A determinação, além de burla processual, configura cerceamento de defesa e flagrante afronta ao princípio da paridade de armas. O prejuízo para a defesa é evidente.

Quando o juiz, utilizando a estrutura e a força do Estado (o oficial de justiça, o sistema de intimações), garante a convocação das testemunhas de acusação, mas nega o mesmo tratamento às testemunhas de defesa, cria-se um desequilíbrio flagrante. A acusação (Ministério Público ou querelante) recebe um tratamento privilegiado, enquanto a defesa é sobrecarregada com uma tarefa que, ordinariamente, compete ao aparato judicial.

Ao diligenciar ativamente para levar as testemunhas de acusação a juízo, mas não as de defesa, aliás, o magistrado demonstra um claro viés pro-acusação, abandonando sua posição de neutralidade. Tal conduta se assemelha mais a uma postura inquisitorial, onde o juiz assume tarefas investigatórias ou de auxílio a uma das partes.

A conduta de um juiz que determina a intimação oficial apenas das testemunhas de acusação, exigindo que a defesa se encarregue pessoalmente da intimação das suas, é manifestamente ilegal e inconstitucional.

Ela fere de morte a paridade de armas, compromete a imparcialidade judicial essencial ao sistema acusatório e configura cerceamento de defesa, passível de gerar a nulidade dos atos processuais subsequentes. O correto procedimento impõe que, uma vez arroladas tempestivamente e admitidas pelo juízo, as testemunhas de ambas as partes sejam intimadas pelos meios oficiais, garantindo-se a igualdade de tratamento e a efetividade do direito à prova.

Como já decidiu a Quinta Turma do STJ, “o indeferimento do pedido da intimação de testemunhas de defesa pelo juízo criminal baseada unicamente na ausência de justificativa para a intimação pessoal, previsto no art. 396-A do CPP, configura cerceamento de defesa e infringe os princípios do contraditório e da ampla defesa” (REsp n. 2.098.923/PR, Rel. Min. Ribeiro Dantas, Quinta Turma, julgado em 21/5/2024, DJe de 28/5/2024.

Importante também ressaltar as palavras do ministro Ribeiro Dantas, que ao julgar o recentíssimo REsp 2158127, pontuou que a iniciativa do juiz de intimar formalmente somente para as testemunhas da acusação “traz ônus à ampla exposição das teses dos réus e limita a utilização de alternativas formais a compelir a testemunha a comparecer à audiência” e demonstra “tratamento facilitado ao exercício da acusação, em ofensa da isonomia na relação processual.
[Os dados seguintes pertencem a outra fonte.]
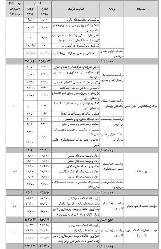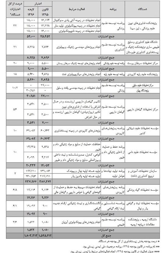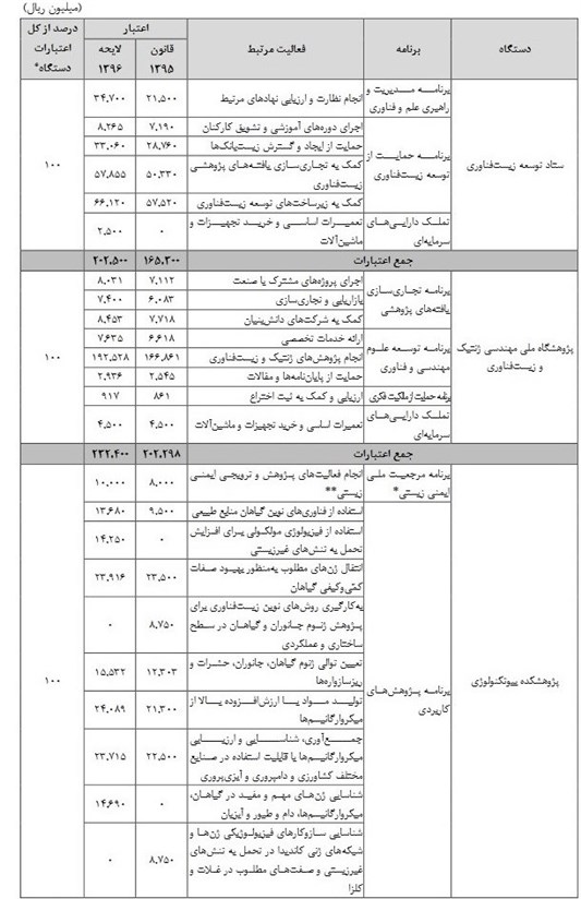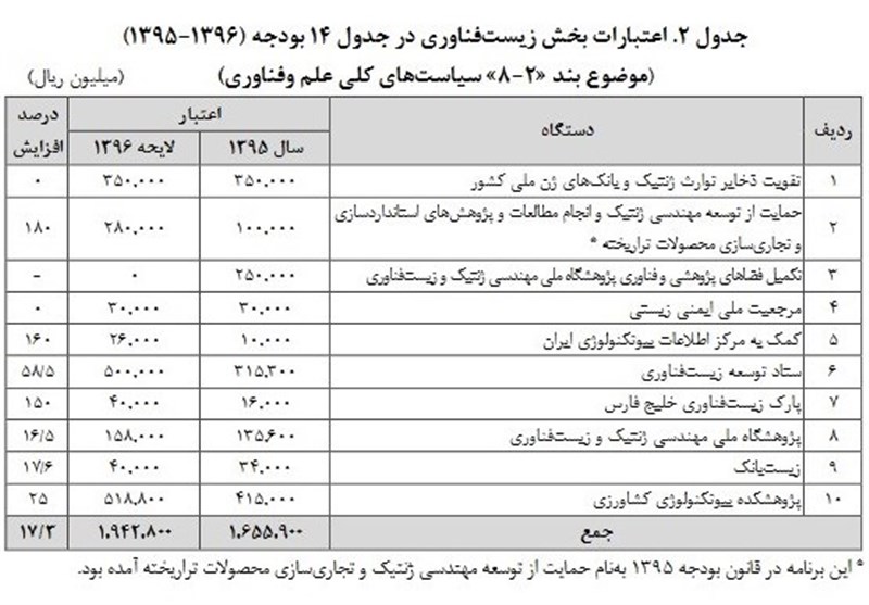 طبق جدول 14 لایحه بودجه سال 1396 (موضوع بند 2-8 سیاستهای کلی علم و فناوری) اعتباری در حدود یک هزار و 943 میلیارد ریال نیز برای پژوهش و فناوری در حوزه زیست فناوری برای دستگاههای مرتبط در نظر گرفته شده است که اگر این اعتبارات به اعتبارات دستگاه ـ برنامه اضافه شود، اعتبارات کل بخش زیست فناوری به حدود سه هزار 746 میلیارد ریال افزایش مییابد همچنین اعتبارات در نظر گرفته شده در جدول 14 ماده واحده برای بخش زیست فناوری اغلب نسبت به قانون بودجه 1395 افزایش دارد و بیشترین افزایش اعتبار مربوط به حمایت از توسعه مهندسی ژنتیک و انجام مطالعات و پژوهشهای استانداردسازی و تجاریسازی محصولات تراریخته است که 180 درصد رشد را نشان میدهد.

No caso concreto ainda há um aspecto que deixa a situação ainda pior: o fato de a determinação ter partido por um ministro do Supremo Tribunal Federal, Corte que tem a árdua e nobre missão de zelar pelo cumprimento da Constituição Federal.

Além disso, há um risco enorme de efeito cascata, já que as instâncias inferiores contarão com o precedente da suprema corte do país.

Por respeito ao devido processo legal e às garantias fundamentais previstas na Constituição, a determinação deveria ser revista, seja de ofício pelo relator ou por determinação dos demais ministros que compõem a Primeira Turma.